Onveranderbare eigenschap voor bestandsshareprotocol. Het NFS-protocol is alleen beschikbaar voor Premium-bestandsshares (bestandsshares in het filestorage-accounttype).
Een of meer resource-id's (met spatie gescheiden). Dit moet een volledige resource-id zijn die alle informatie over de argumenten Resource-id bevat. U moet ofwel --id's of andere 'Resource Id'-argumenten opgeven.
Metagegevens in door spaties gescheiden sleutelparen=waardeparen die aan de share zijn gekoppeld. Hiermee worden alle bestaande metagegevens overschreven.
De naam van de bestandsshare.
De maximale grootte van het aandeel in gigabytes. Moet groter zijn dan 0 en kleiner dan of gelijk aan 5 TB (5120). Voor grote bestandsshares is de maximale grootte 102400.
Naam van resourcegroep. U kunt de standaardgroep configureren met behulp van az configure --defaults group=<name>
.
Vermindering van de toegangsrechten voor de externe superuser.

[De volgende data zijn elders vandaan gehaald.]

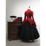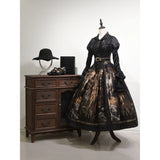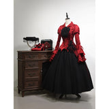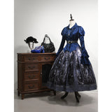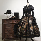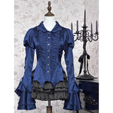 中世ヨーロッパの宮廷世界を想起させるブラウス。光沢のあるサテン生地は、舞踏会の灯りを受けて静かに輝く貴族の衣装を思わせ、胸元の繊細なギャザーとレース装飾は、王宮の装飾や古い写本の縁飾りのような気品を感じさせます。縦に並ぶ装飾ボタンがクラシカルな格式を強調し、ウエストを絞ったシルエットはコルセットドレスを連想させる優雅な曲線を描いています。袖口に重なる大きなフレアフリルは、まるで舞台で広がるドレスの裾や、貴婦人が優雅に手を振る瞬間の動きを切り取ったよう。背面の編み上げデザインは、ヴィクトリア朝の装束やゴシック様式の気配を宿し、前後どちらから見ても物語性を感じさせます。

De naam of id van het opslagaccount.
Naam of id van abonnement. U kunt het standaardabonnement configureren met behulp van az account set -s NAME_OR_ID
.
Globale parameters
Vergroot de uitgebreidheid van logboekregistratie om alle logboeken voor foutopsporing weer te geven.
Dit Help-bericht weergeven en afsluiten.
Alleen fouten weergeven, waarschuwingen onderdrukken.
Uitvoerindeling.
JMESPath-queryreeks. Zie http://jmespath.org/ voor meer informatie en voorbeelden.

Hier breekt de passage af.